Best SSD for Legacy Compatibility?

Discussion in 'Hardware' started by WinstonTJ, Mar 13, 2014.

  1. I have a few older laptops - Dell and HP and Toshiba and Lenovo. They range from 2006 up to 2010. All have smaller HDD's that are all pretty beat/dead/small. I've tried a few cheap-ish Patriot 128 & 256GB SSD's but they seem to have firmware or compatibility issues. (BSOD during post or boot or even randomly during operation)

    I'm looking for a cheap-o 128-256 GB SSD that seems to have good luck with this vintage laptop so that I can speed them up. I've already spent the cash to max out the memory in these things... I think if they have SSD they will feel much faster than they were with an older 5400rpm HDD.

    I'll donate these things to a charter school so they don't need to be crazy fast however I'd like them to be nice. Not sure if anyone here has an older laptop that they've upgraded to a SSD and have had good luck with it. If so I'd appreciate sharing the brand.

    Thx!!
     
  2. I don't think using SSD would improve your old laptops' performance all that much. Not sure how "old". If the processor is slow, replacing the HDD with SSD would hardly boost the overall performance. The data may always be ready, but the CPU is not processing them fast enough.
     
  3. Trader13

    Trader13

    A 7200 rpm HD with a generous onboard cache will be an improvement without the compatibility issue.

    The performance improvement with an SSD is most apparent during bootup. But once you're up and running, not much difference as most files stay resident in memory after the initial access.

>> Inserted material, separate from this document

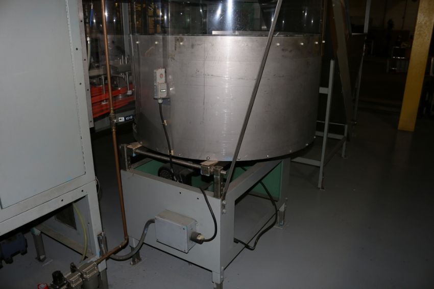 Pace Bottle Unscrambler, Model CP4, S/N 714 with Painted Frame includes S/S Bottle Hopper with Upgraded Allen Bradley PLC Controls

    Hat's off to you for donating the equipment!
     
    apdxyk likes this.
  4. apdxyk

    apdxyk

    Firstly, are any of the laptops have SATA allergies? Secondly, BIOS or whatever is in its place
     
  5. too late to delete post, just realized that was a yesterday only deal when I went to buy a couple.
     
  6. Laptops are so cheap now you may better better off just buying a new one. I had a 2012 Dell laptop as a backup but even after tweaking it a thousand times I finally caved and bought a Lenovo that works well with at least three instances running on it. The processor and as much memory possible is what really counts if you're running a multitude of bloated programs (TWS, TOS, Excel & a data feed).
     
  7. I often find that a slightly older laptop or netbook with upgraded memory and a SSD (coming from minimum RAM and a 5400rpm HDD) makes a night and day difference.

    Completely different machines. A fresh OS install with the upgraded RAM and SSD make it a much faster feeling machine.

    I understand that the CPU speeds do not change as well as RAM and FSB speeds, etc. so it doesn't make anything really "faster" - other than eliminate bottlenecks.

    I've found a Samsung SSD - the 840 EVO 250gb drive that seems to have not crashed a single older laptop. I found a bulk buy/lot of them 48 SSD's at about $50 each (used/refurb) so the price was right.

    Again, to those commenting about "cheaper to buy new" these will be donated to a local charter school and given to kids. I have about 12 laptops that I'll be donating so nothing major but it'll be a help. Pointless to throw them all away.
     
  8. IamaMars

    IamaMars

    I am going for example to change my 5400 RPM 1TB HDD for some like 128GB SSD which can be like $20 now anyway. I do not need that much space cause not doing anything worsy on laptop today, but plan to sell older thing for much better cash.